→ **Instructions for the task**: In the records below, begin at the line that has "طلایی صفحه آبی" and stop after the line that has "Korištena peć na"; quote those lines verbatim and nothing more.

→ **Data records**:
=== Begin Enclosure ===

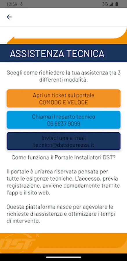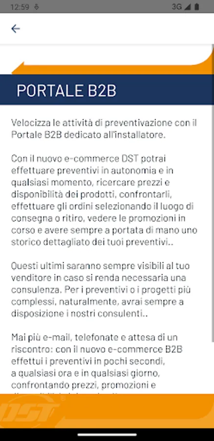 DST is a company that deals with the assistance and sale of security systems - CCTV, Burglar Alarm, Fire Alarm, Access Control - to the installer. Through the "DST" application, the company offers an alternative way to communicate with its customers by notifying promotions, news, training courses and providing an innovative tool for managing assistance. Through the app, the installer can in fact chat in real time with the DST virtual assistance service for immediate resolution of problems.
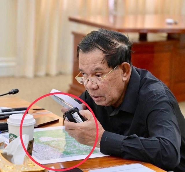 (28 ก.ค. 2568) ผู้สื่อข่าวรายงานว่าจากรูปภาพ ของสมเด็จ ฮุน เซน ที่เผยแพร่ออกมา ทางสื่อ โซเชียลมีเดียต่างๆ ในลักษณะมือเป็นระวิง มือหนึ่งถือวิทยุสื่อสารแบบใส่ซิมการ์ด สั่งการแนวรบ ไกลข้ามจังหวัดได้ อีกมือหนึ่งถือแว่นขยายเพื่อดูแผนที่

=== End Enclosure ===
=== Begin Enclosure ===

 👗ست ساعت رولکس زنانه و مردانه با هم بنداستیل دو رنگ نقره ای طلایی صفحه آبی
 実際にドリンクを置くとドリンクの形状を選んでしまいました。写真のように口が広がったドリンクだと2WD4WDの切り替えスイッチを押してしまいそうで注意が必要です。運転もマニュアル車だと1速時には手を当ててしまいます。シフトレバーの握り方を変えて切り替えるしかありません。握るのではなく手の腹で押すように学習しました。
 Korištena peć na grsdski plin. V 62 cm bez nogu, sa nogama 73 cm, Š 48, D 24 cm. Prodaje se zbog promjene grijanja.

=== End Enclosure ===
=== Begin Enclosure ===

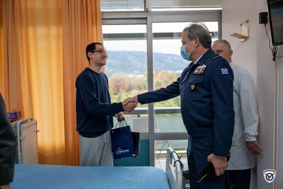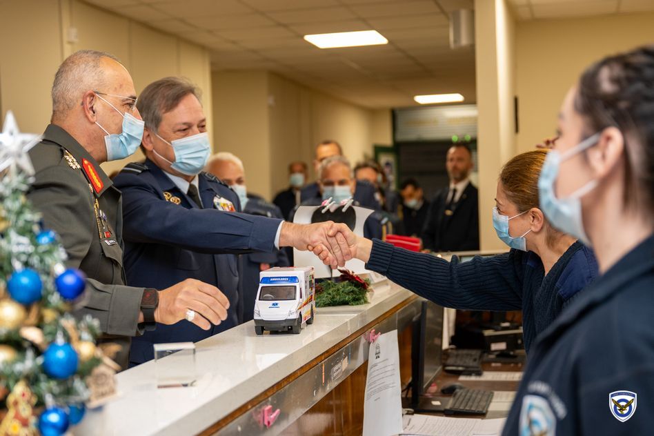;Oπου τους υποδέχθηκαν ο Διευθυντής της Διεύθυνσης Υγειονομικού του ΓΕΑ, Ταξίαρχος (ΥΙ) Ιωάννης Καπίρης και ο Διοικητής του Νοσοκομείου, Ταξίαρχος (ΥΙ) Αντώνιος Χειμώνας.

=== End Enclosure ===

→ **Response to this exercise**:
 👗ست ساعت رولکس زنانه و مردانه با هم بنداستیل دو رنگ نقره ای طلایی صفحه آبی
 実際にドリンクを置くとドリンクの形状を選んでしまいました。写真のように口が広がったドリンクだと2WD4WDの切り替えスイッチを押してしまいそうで注意が必要です。運転もマニュアル車だと1速時には手を当ててしまいます。シフトレバーの握り方を変えて切り替えるしかありません。握るのではなく手の腹で押すように学習しました。
 Korištena peć na grsdski plin. V 62 cm bez nogu, sa nogama 73 cm, Š 48, D 24 cm. Prodaje se zbog promjene grijanja.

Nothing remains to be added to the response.